In conclusion, an LC-MS/MS method for analysing XN, IXN and 8PNwas developed and validated. Even though higher amounts of secondary metabolites in organically produced crops are reported in the literature, it was not the case in this study regarding hops. In addition, PCA based on the determined prenylflavonoid levels could not distinguish between organically and conventionally produced hops and beer. Instead, more likely, variety plays a more significant role in the synthesis of specific secondary metabolites than the agricultural management practice. In addition, the transformation of XN to IXN seems to be more complicated than schematically presented in the literature.

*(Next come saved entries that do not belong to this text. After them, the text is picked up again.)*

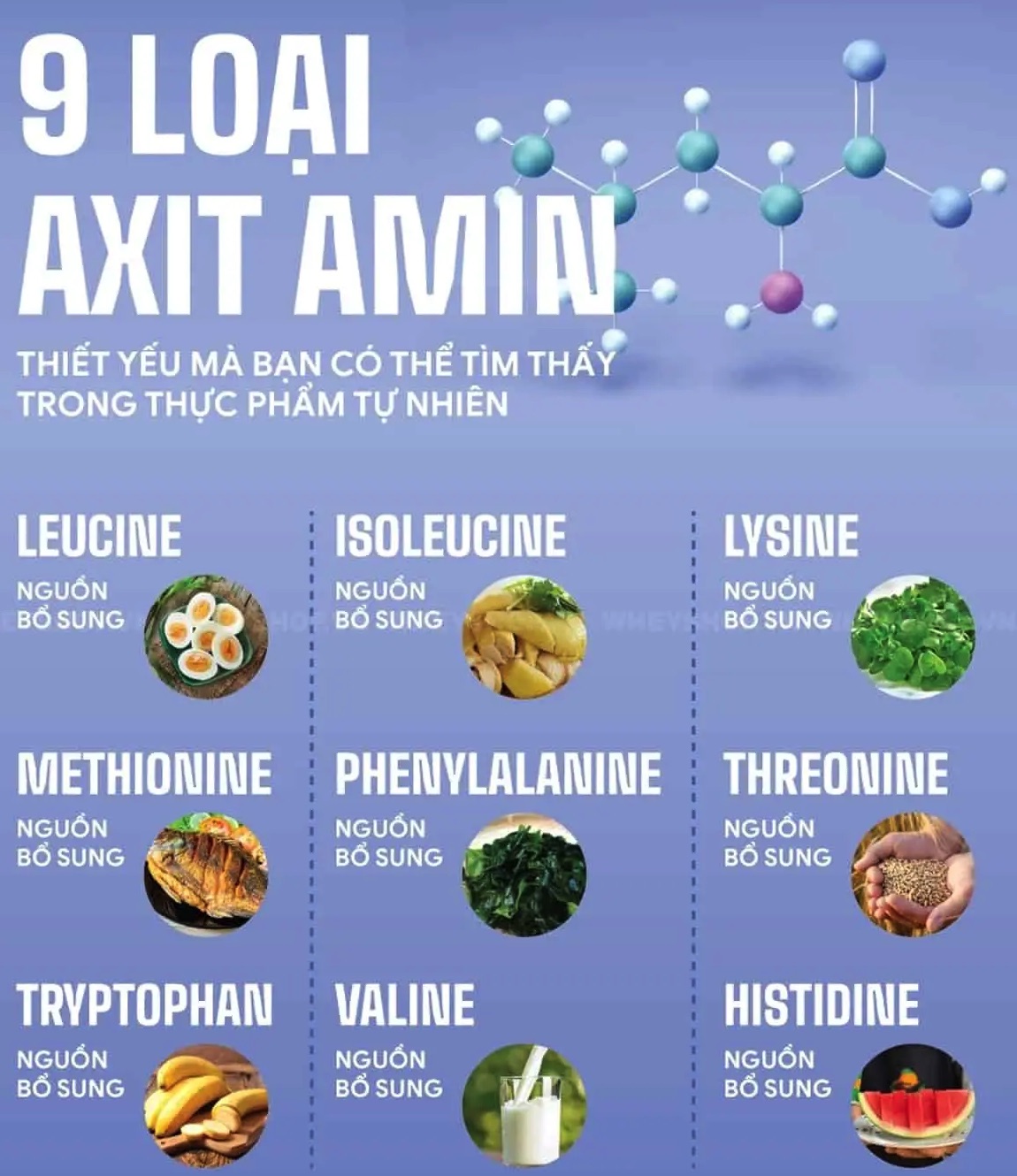 Cơ thể con người cần khoảng 20 loại axit amin để duy trì các hoạt động sống. Trong đó, có 9 axit amin thiết yếu mà cơ thể không tự tổng hợp được và cần được cung cấp từ thực phẩm, bao gồm:
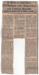 «Εκθέσεις ζωγραφικής. Μία ωραία πρωτοβουλία υπέρ των οικογενειών των Κυπρίων κρατουμένων» Τώνης Π. Σπητέρης (1910 - 1986) ; Βάσω Κατράκη (1914 - 1988) ; Σπύρος Βασιλείου (1902 - 1985) ; Ορέστης Κανέλλης (1910 - 1979) ; Τάσσος Α. (1914 - 1985) ; Νικόλαος Χατζηκυριάκος-Γκίκας (1906 - 1994) ; Γιάννης Μόραλης (1916 - 2009) ; Γεώργιος Γουναρόπουλος (1889 - 1977) ; Σπύρος Παπαλουκάς (1892 - 1957) ; Γιάννης Μηταράκης (1898 - 1963) ; Αγήνωρ Αστεριάδης (1898 - 1977) ; Γιώργος Σικελιώτης (1917 - 1984) ; Γιάννης Σπυρόπουλος (1912 - 1990) ; Γιάννης Τσαρούχης (1910 - 1989) ; Δημήτρης Γιαννουκάκης (1898 - 1991) ; Χρήστος Καπράλος (1909 - 1993) ; Λίλη Αρλιώτη (1908 - 1979) ; Φρόσω Ευθυμιάδη-Μενεγάκη ; Αλέκος Κοντόπουλος (1904 - 1975) ; Ευθύμιος Παπαδημητρίου (1895 - 1958) ; Γιώργος Μπουζιάνης (1885 - 1959) ; Γιάννης Κεφαλληνός (1894 - 1957) ; Περικλής Βυζάντιος (1893 - 1972) ; Δημήτρης Γιολδάσης (1897 - 1993) ; Κωνσταντίνος Γραμματόπουλος (1916 - 2003) ; Χρίστος Δαγκλής (1916 - 1991) ; Άγγελος Θεοδωρόπουλος (1883 - 1965) ; Γεώργιος Κοσμαδόπουλος (1895 - 1967) ; Κλέαρχος Λουκόπουλος (1906 - 1995) ; Αγλαϊα Παπά (1904 - 1984) ; Φώτης Φωτιάδης
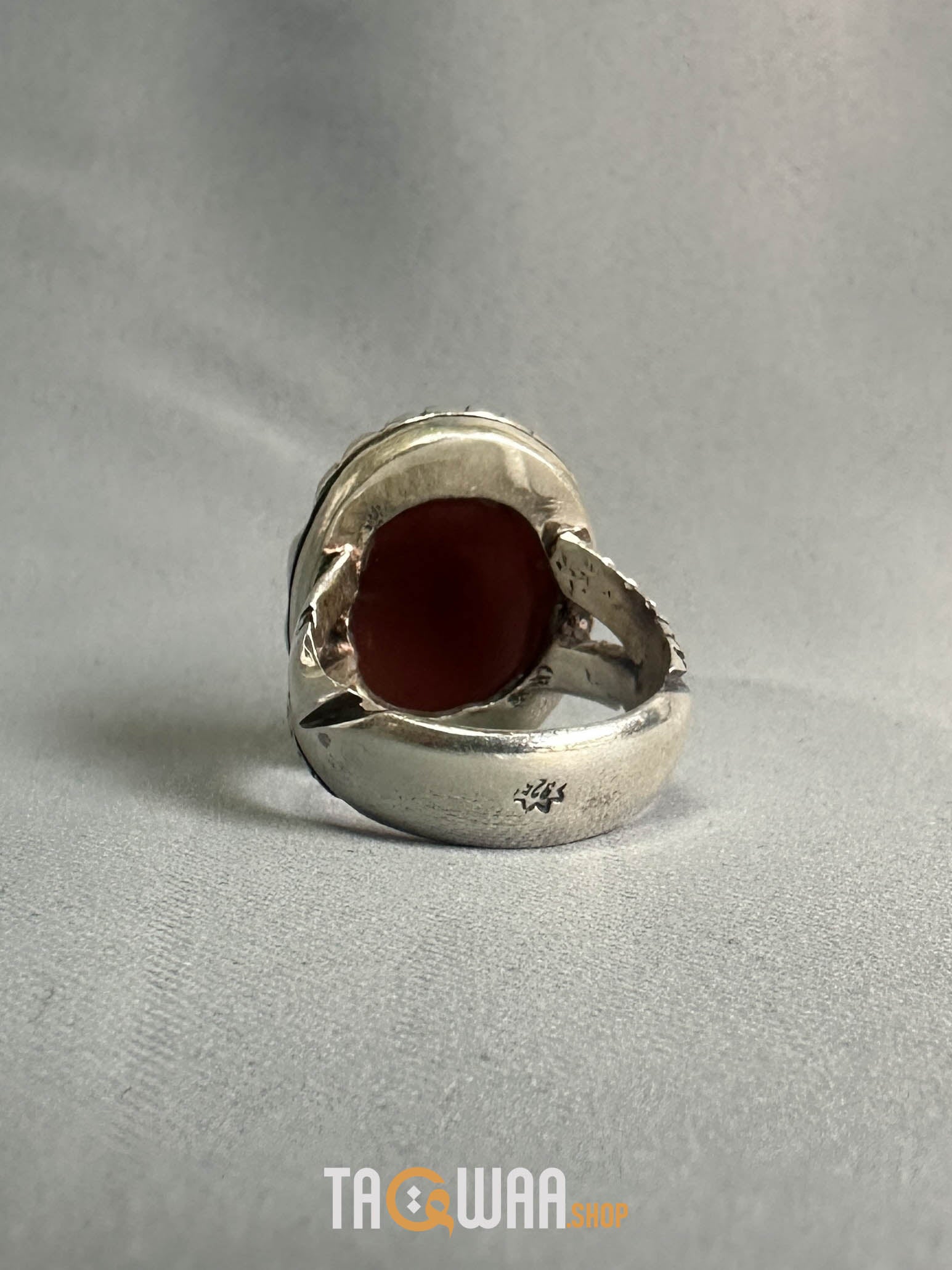 Red Yemeni Agate Aqeeq Oval Silver Ring
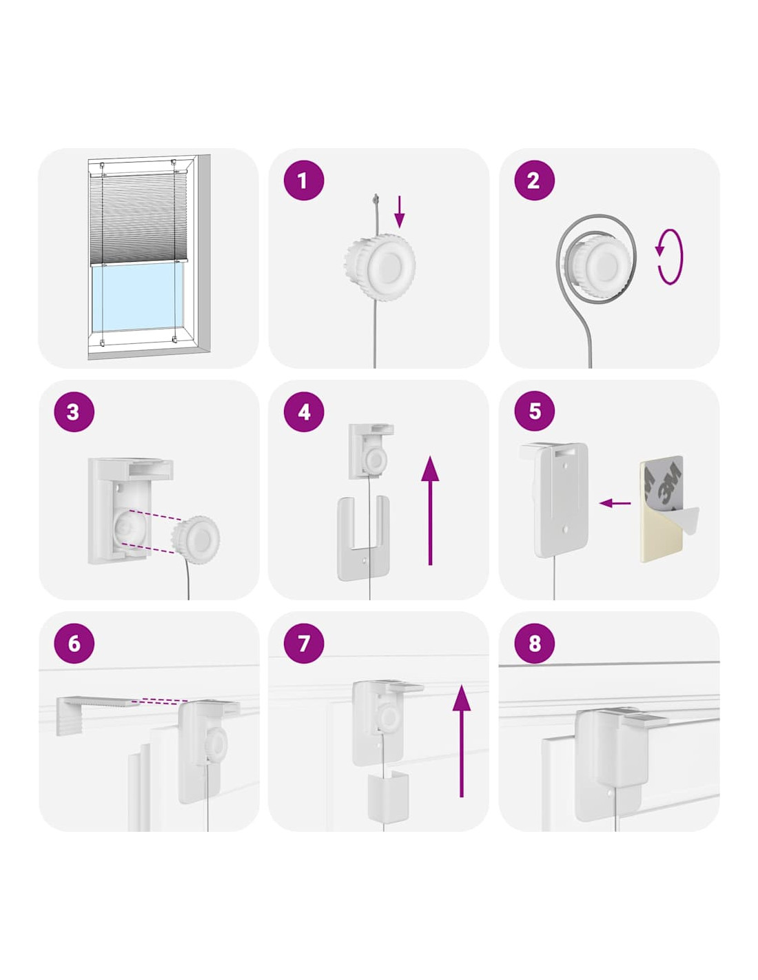 - Due modi di montaggio: È possibile fissare la tenda plissettata alla parete o alla finestra con viti o senza trapano utilizzando staffe di serraggio, a seconda delle esigenze.
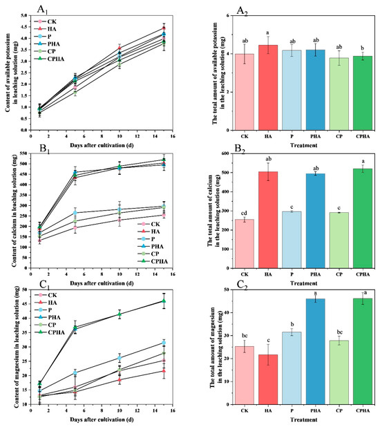 During the cultivation process, the amount of magnesium in the leachate from PHA and CPHA treatments rapidly increased on the 5th day, while the amount of magnesium in the leachate from other treatments continued to increase slowly (Figure 5C1). Throughout the entire process, the amount of magnesium in the leachate from HA, PHA, and CPHA treatments was significantly higher than that from treatments without HA addition. Compared to P, the amount of magnesium in the leachate from CP decreased by 11.6% to 29.2%. Different treatments had varying effects on the total amount of magnesium in the leachate (Figure 5C2). Specifically, the amount of magnesium in the leachate from CP treatment decreased by 11.6% compared to P treatment, while the amount from PHA and CPHA treatments increased by 46.1% and 46.7%, respectively, compared to P treatment. The amount of magnesium in the leachate from CPHA treatment increased by 65.9% compared to CP treatment, but there was no significant difference compared to PHA treatment.
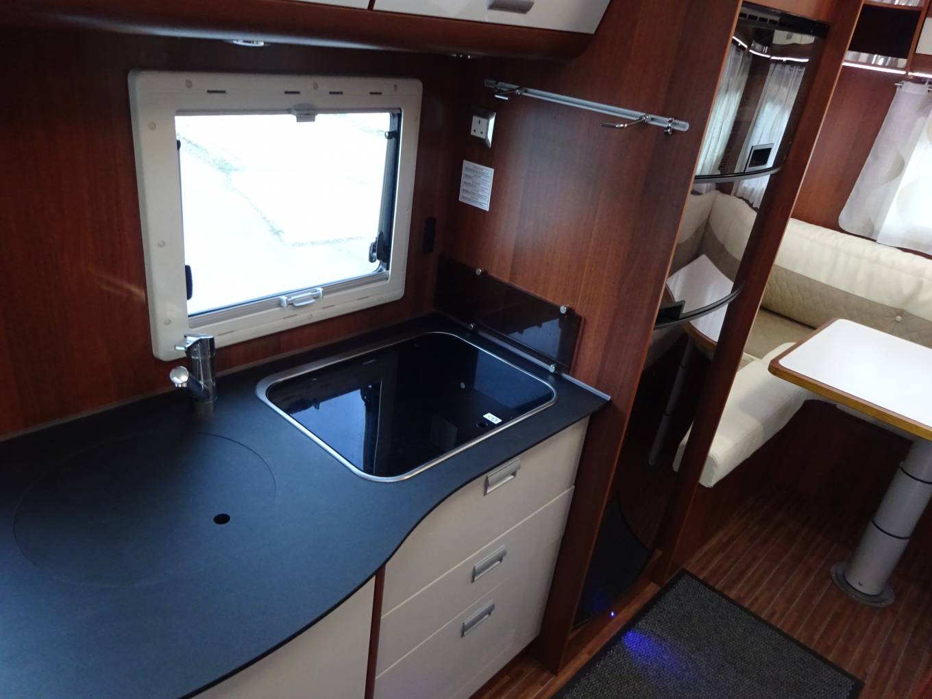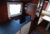 Sleeping arrangements are provided through a large overcab bed and conversion of the lounge areas.
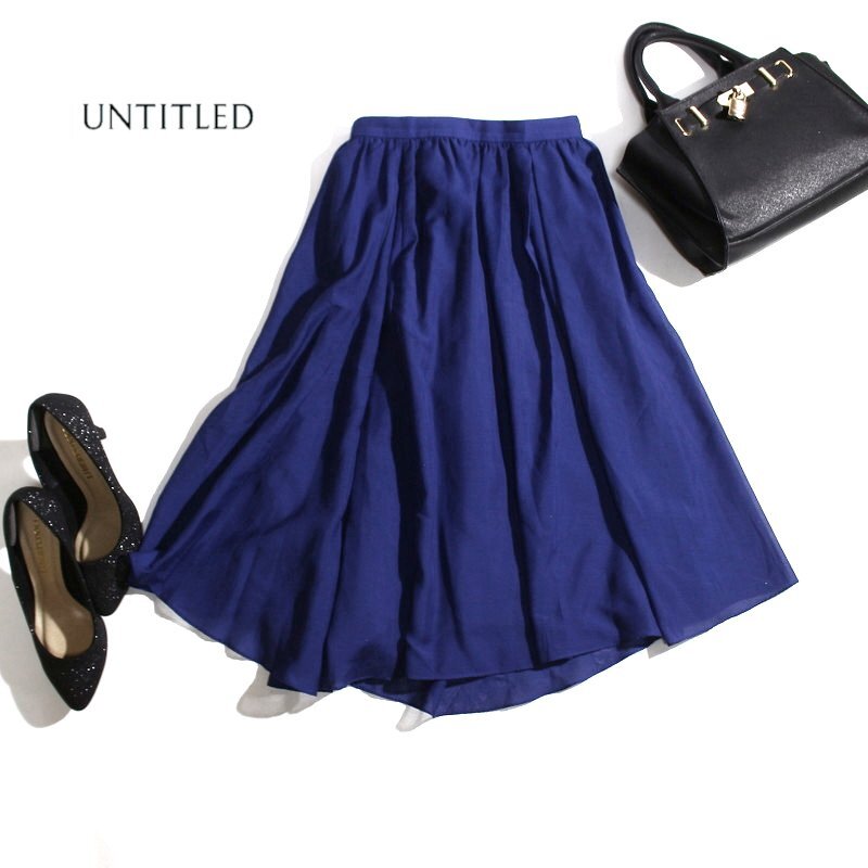 > アンタイトル UNTITLED 株) ワールド 春 夏 透け オーガンジー フレアスカート 1 ブルー 青 S オフィス 通勤 綺麗め ミセス 綺麗め お洒落
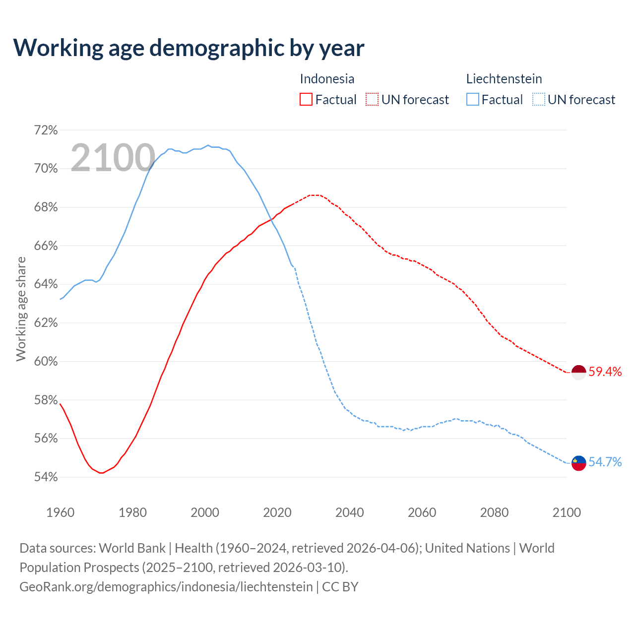 Median age Indonesia vs Liechtenstein, 1960-2100
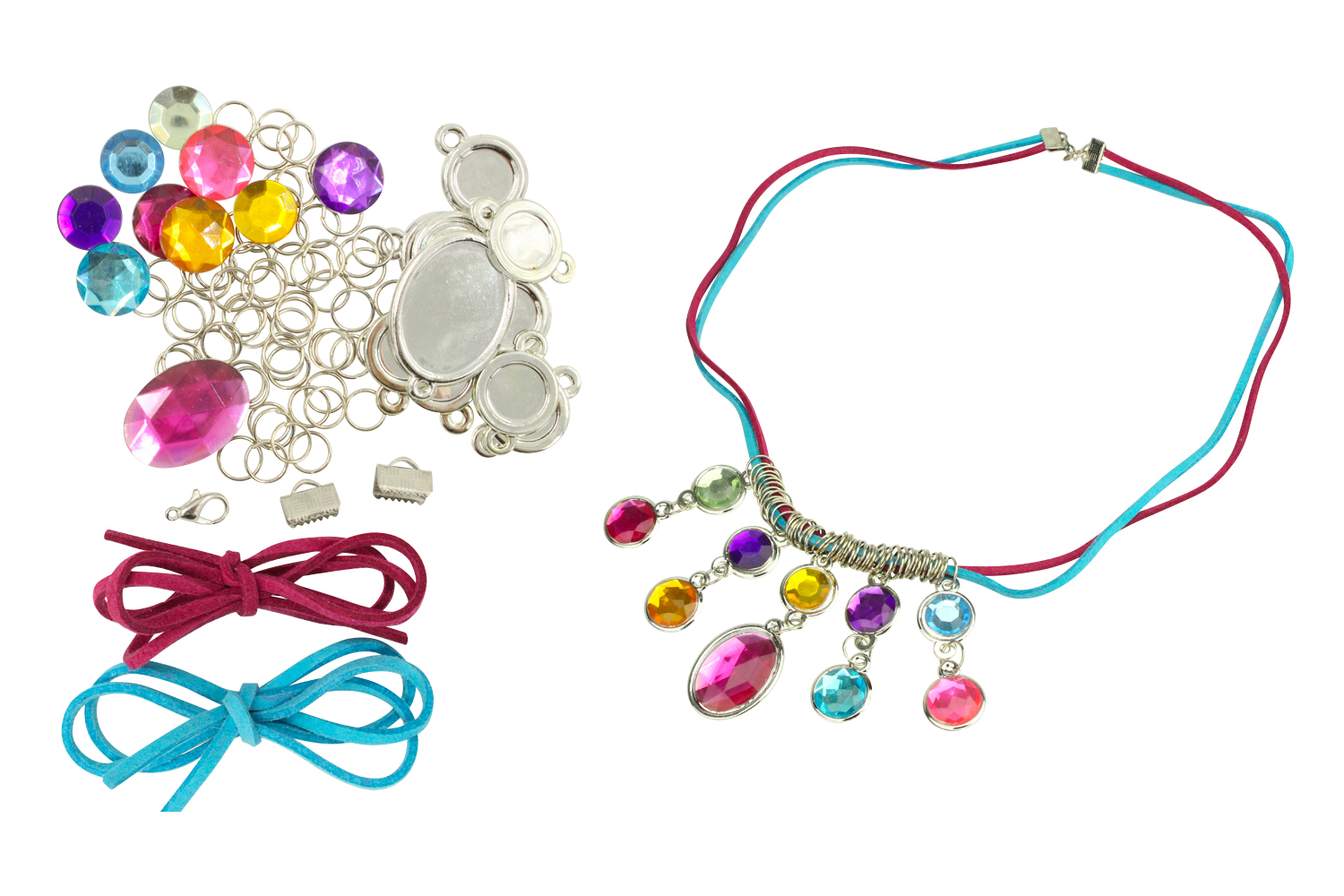 Create a necklace worthy of a queen or a princess! Glue the rhinestones onto their silver supports, link them with rings, and slide them onto the suede cords. Finish with the end caps and clasp... and shine!
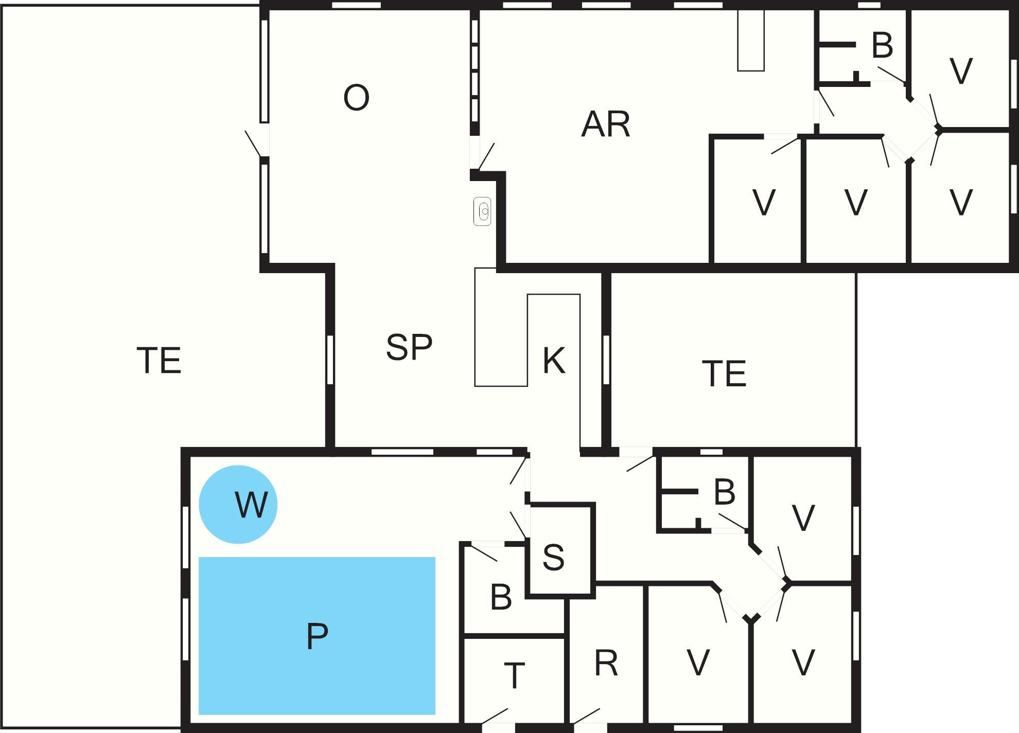 7 Soveværelser: (1DS)+(1DS)+(1DS)+(1DS)+(1DS)+(1DS)+(1DS), barneseng

Finally, measuring the level of XN, IXN and 8PN did not prove sufficient to detect mislabelling and other frauds. However, the δ¹⁵N values confirm previous findings that show statistically higher values in organic hops and beer. However, there is a potential overlap between the δ¹⁵N signatures, and it would not be easy to check the production type based solely on δ¹⁵N values. Despite this, separation could be further improved using OPLS-DA to give an overall correct classification rate of 77%. δ¹⁵N values and IXN were defined as the most promising parameters for differentiation between organically and non-organically produced beer. Even though obtained results are promising, further improvement of the methodology is needed, including analysing more samples from different years of production.